# How to figure out value of an 1864?



## TractorLarry

I have a 1864 with only 155 hours on it, and I'm trying to figure out what would be a fair asking price for it (Northern Virginia Area).

It is in very good condition. No mechanical needs other than a replacement choke cable, which I have coming. Has a recent battery and I replaced both the battery cables last year.

Runs perfectly.

Paint overall is very solid. A touch of rust here or there at most. Surface only.

Tires are a bit worn, but still usable.

Plastics (Hood/side) are good condition, but a bit dingy. Rear latch broke off when the wind slammed it shut, but that hasn't seemed to make any difference. I just lay it down and it stays put nicely. Decals are showing age.

Deck is the 317 48" GT Deck with Outriggers. Very good shape, no major dents, very little rust and none that is a problem. Has Gators installed, and a spare new set.

I have the factory service/parts manuals, spare filters, carb kits, plugs, Hydro Oil, etc...
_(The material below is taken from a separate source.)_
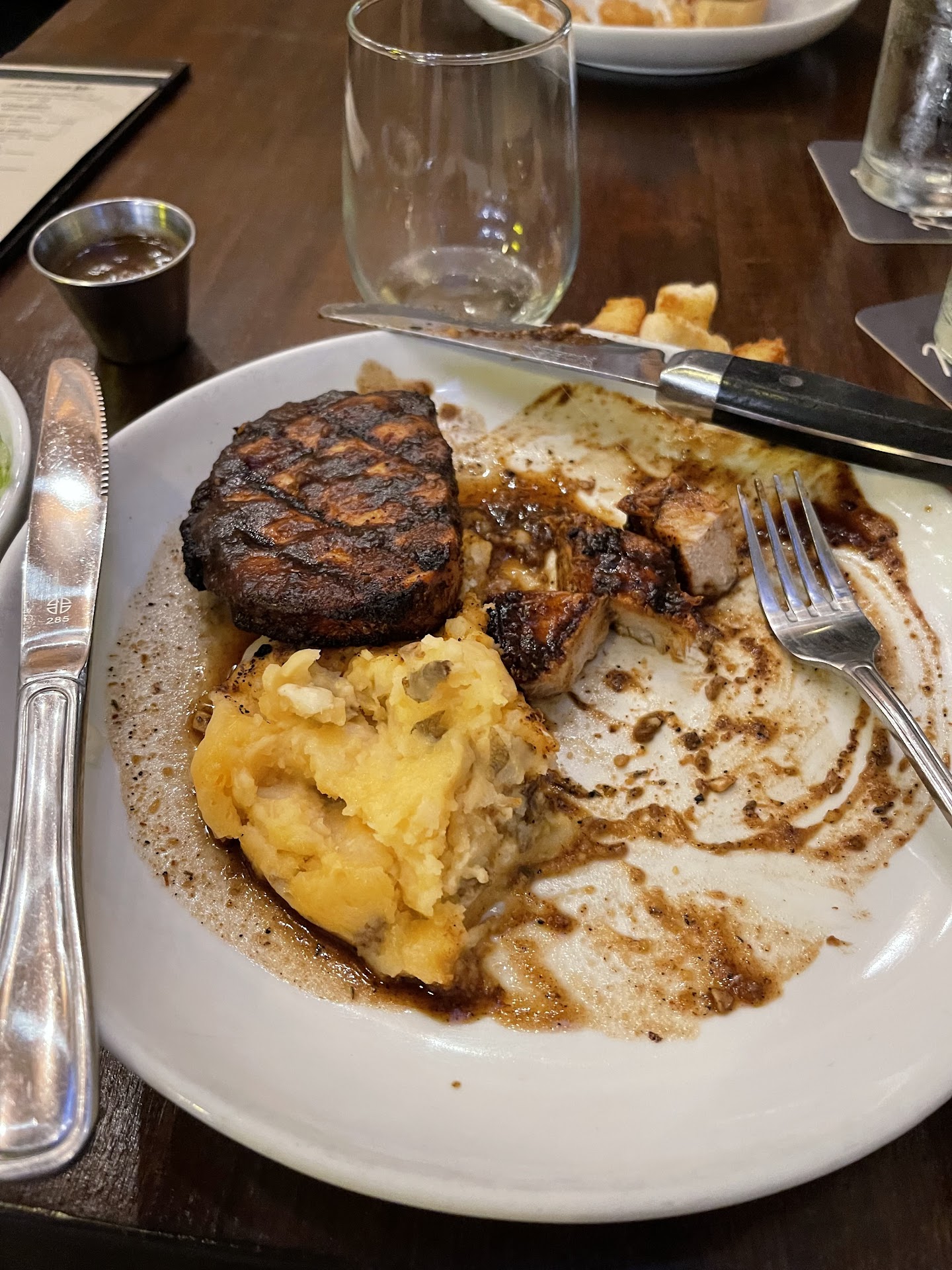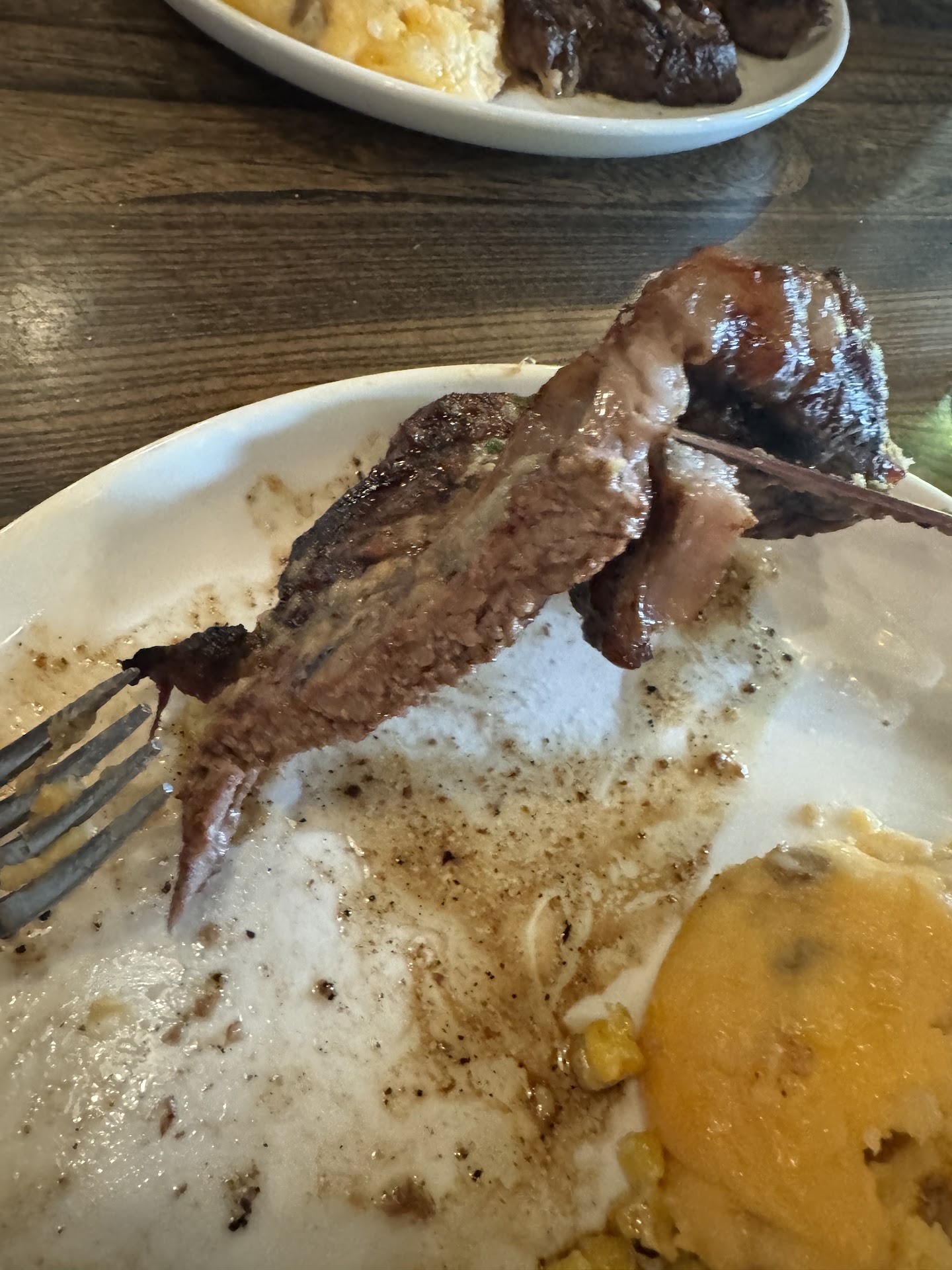 Horrible service aside, my ribeye was paper thin and partially burnt. The mashed potatoes and corn had solidified into a mass and didnât so much as slide on the plate once the unappetizing dish was delivered.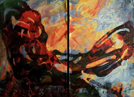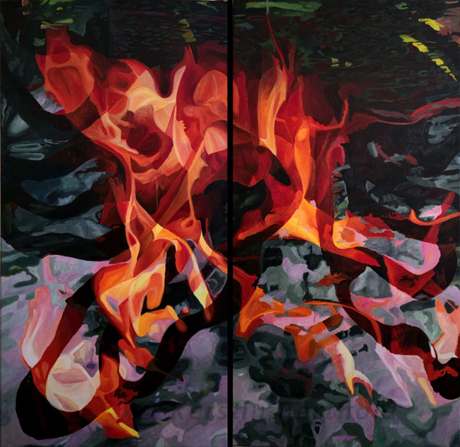 In dieser, aktuellen Serie verändert sich die Rolle des Feuers grundlegend. Die Flammen agieren nicht mehr im kontroversen Spannungsfeld. Das Feuer erscheint als gerichtete Kraft, als Bewegung mit

It's way bigger than my yard calls for, and I'm _considering _selling it and getting a 33" self propelled push mower


----------



## Hoodoo Valley

Cub Cadet 1864 Lawn and Garden | ASHLAND IMPLEMENT ASHLAND, OH


----------



## Hoodoo Valley

Then there's these dandys! CUB CADET 1864, Used CUB CADET 1864, CUB CADET 1864 For Sale At TractorHouse.com - Page 1


----------



## TractorLarry

Wow, that's a pretty good retention of value!


----------



## Hoodoo Valley

Quality will do that! I'm thinking about getting one of those old cubs myself one day.


----------



## TractorLarry

Well, if it ever stops raining around here in Northern VA, I think I'll put the new choke cable in, clean her up, and put her up for sale. She's a monster for a 1/4 acre lot especially when half of it is covered by the house 

If anyone in the area is interested, PM me!


----------



## Hoodoo Valley

Too far away for me, but toss it in our classifieds section with some pictures!


----------



## Mickey

TractorLarry said:


> Wow, that's a pretty good retention of value!


Tis surprising how well some of the Cub's hold their value. I did a search on my Cub a few days ago and was surprised to see one for sale, same yr, model with same HD mower deck. Asking price $5k, that only a few $ less than I paid. I'm sure that was at the higher end of the price range but suspect a more typ value to be in the $2500-$3000 range.

Think the brand has taken a hit with some models since MTD bought the company. Lower end models made on the MTD production line are not the qlty of the old Cubs but mid and upper lines still being made in old Cub factory are still a qlty machine.


----------